O que esperar: custos repassados e ações imediatas
A implementação do CIB e a possível atualização do IPTU trazem consequências diretas ao mercado imobiliário. Se as prefeituras reajustarem o IPTU, proprietários tenderão a repassar o custo aos inquilinos.
Além do IPTU, a nova incidência de IBS e CBS sobre locações de alto volume a partir de 2027 elevará os preços. O advogado Vinicius Cunha orienta que os locadores insiram cláusulas contratuais, via aditivos, prevendo expressamente o repasse do IBS e CBS.
A tributarista Andressa Sehn da Costa, sócia da área de entidades no escritório Rafael Pandolfo Advogados Associado, ressalta que a Lei Complementar 214/2025 estabelece prazos apertados para adequação dos contratos em vigência, com limite em 31 de dezembro de 2025.

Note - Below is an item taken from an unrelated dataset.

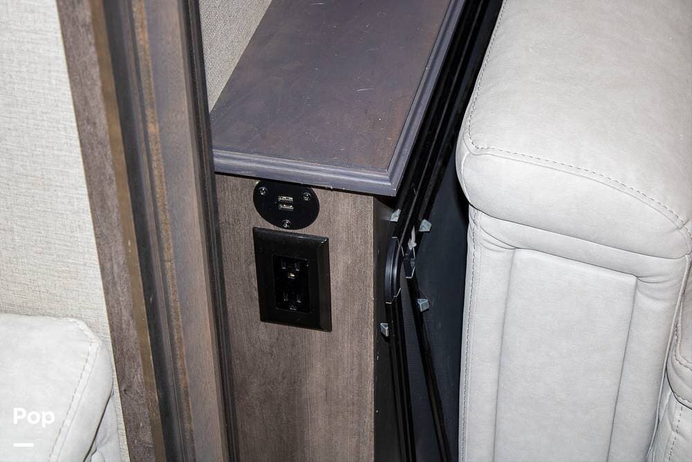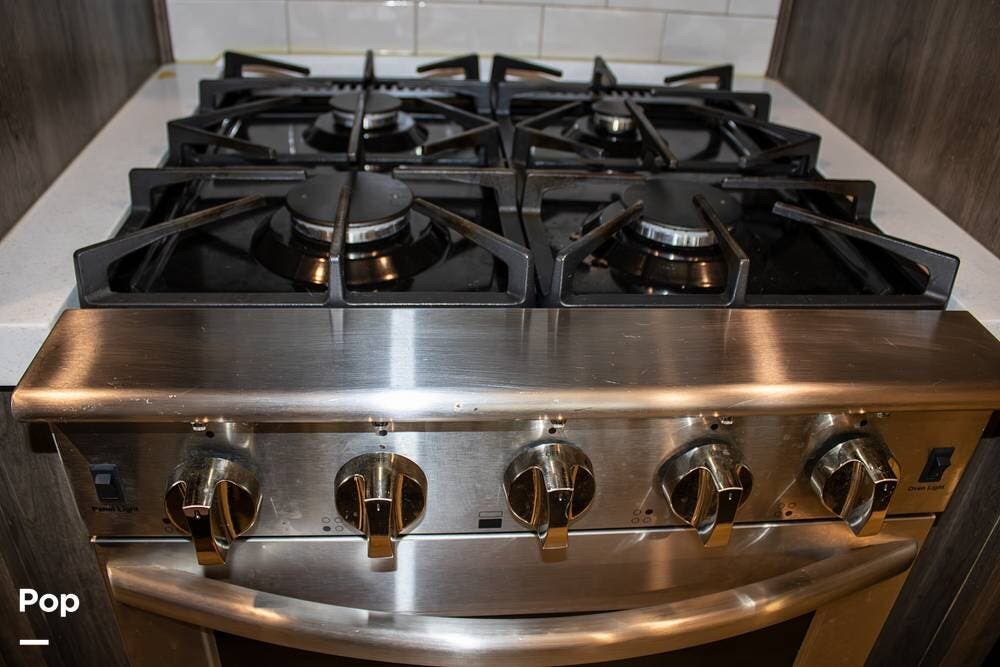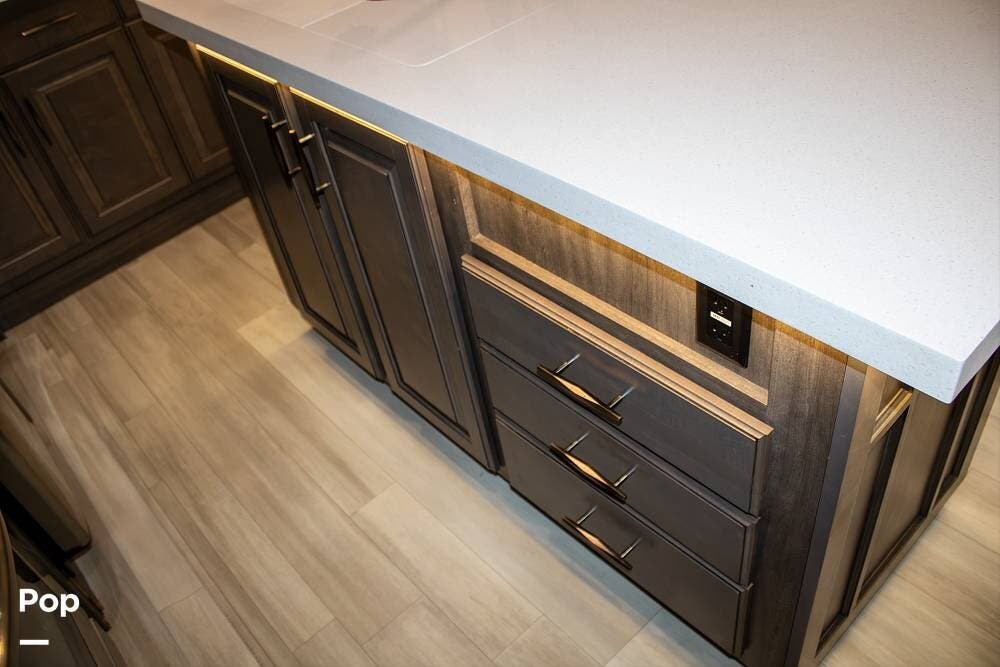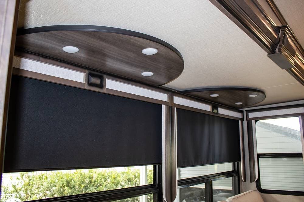 The rear living area is spacious, thanks to four slide-outs, and includes power recliners with heat and massage, a sofa sleeper, a large retractable TV, and an electric fireplace. All furniture is finished in marine-grade, durable coated fabric, built for comfort and long-term use without the maintenance of leather.

Proprietários com contratos antigos (com firma reconhecida antes de janeiro de 2025) têm até essa data para registrar o contrato no Registro Geral de Imóveis (RGI) e ter direito a uma redução ainda maior do novo imposto.
O que os donos de imóveis devem fazer agora com a reforma tributária?
O impacto no bolso virá de dois lados. Primeiro, a possível atualização de valores venais defasados pelas prefeituras, com consequente reajuste do IPTU. Segundo, a nova tributação sobre locações de alto volume (mais de três imóveis e receita anual acima de R$ 240 mil). Proprietários tendem a repassar ambos os custos aos inquilinos, elevando o preço dos aluguéis.
Os especialistas recomendam três ações imediatas:
- Regularizar contratos de aluguel: Proprietários com contratos antigos devem registrá-los no RGI até 31 de dezembro de 2025 para garantir redução adicional do IBS/CBS.
- Declarar rendimentos omitidos: Quem nunca declarou aluguéis deve fazer declaração espontânea antes de 2026, evitando multas de até 150%.
- Revisar estratégia tributária: Proprietários com mais de três imóveis e receita anual acima de R$ 240 mil devem consultar um tributarista para avaliar o impacto do novo regime.